Oireachtas Joint and Select Committees

Tuesday, 18 April 2023

Joint Oireachtas Committee on Education and Skills

The Future of STEM in Irish Education: Discussion (Resumed)

Professor Hamsa Venkat:

I will begin with the question relating to the length of time dedicated to science. In the new primary curriculum, there is a monthly specification that goes with science, technology and engineering. The danger with that, as we have seen even before the introduction of this curriculum, is that science time is already being whittled down. Teachers who are not very confident about their own knowledge of science are being told they will have to teach science, technology and engineering in the same time allocation. We think science is a very important part of STEM, but if we want to protect it, we will have to give enough time to it.

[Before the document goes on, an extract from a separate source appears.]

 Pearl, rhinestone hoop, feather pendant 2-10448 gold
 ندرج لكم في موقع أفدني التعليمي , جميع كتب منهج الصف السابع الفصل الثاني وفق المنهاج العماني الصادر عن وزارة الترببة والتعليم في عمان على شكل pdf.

Our suggestion would be to give science a weekly time allocation and, moreover, to give at least termly access to an extensive, expansive STEM project, of various sorts, that children at all grades, from early years into primary schooling, would get every year. They are going to complete a range of projects. We would strongly say teacher education needs to come on board. All of us around this table, I would guess, got into STEM on the back of traditional disciplinary learning. We did not have much access to integrated learning. Integrated learning is new for many teachers, especially in the field of STEM, so teacher education should work in parallel.

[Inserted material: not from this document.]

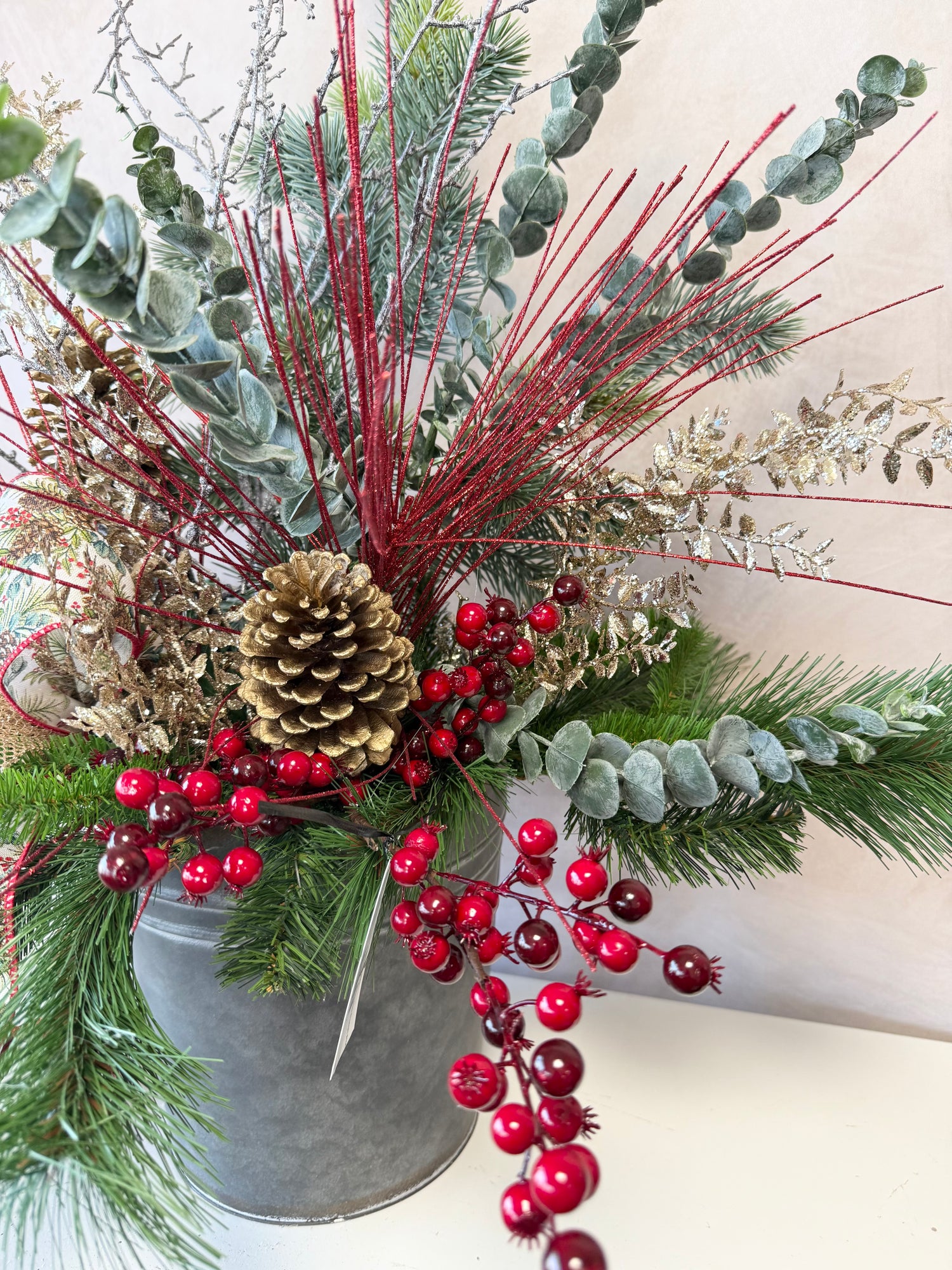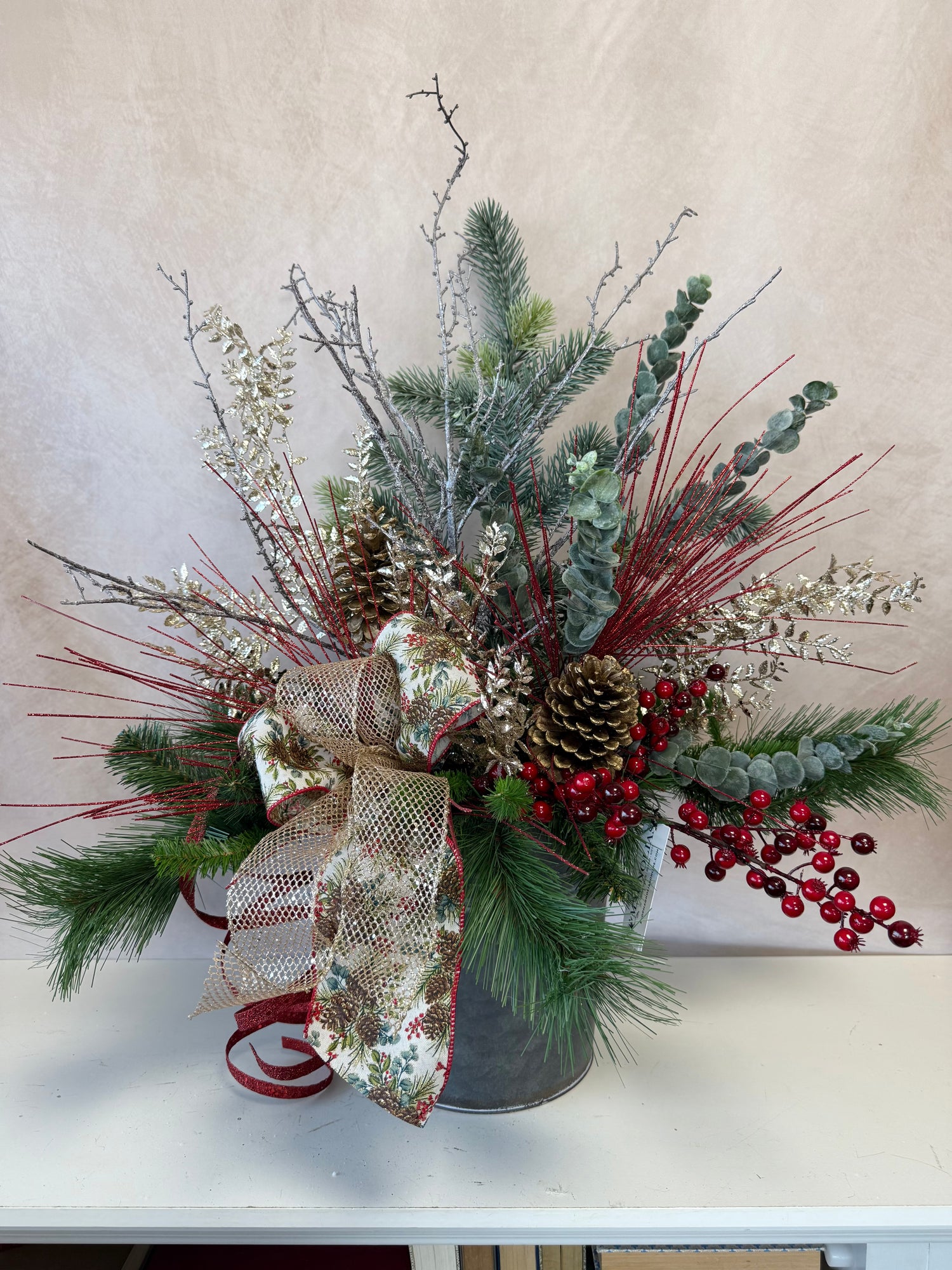 This porch pot is made of high-quality outdoor safe silk floral stems.

I agree that extending the programme to 2026 sounds like a long timeline, but in educational innovation anywhere in the world, it is probably not long. What we would not want is to do is get to 2026 and find we are not much further on than we were in 2017, so thinking carefully about what we put in place systemically in teacher education is a major part of this. Having said that, so too is the provision of technology and digital resources that we need in schools. I would suggest that to do that carefully and systemically, we will do well to think in the medium term rather than in a shorter timeline.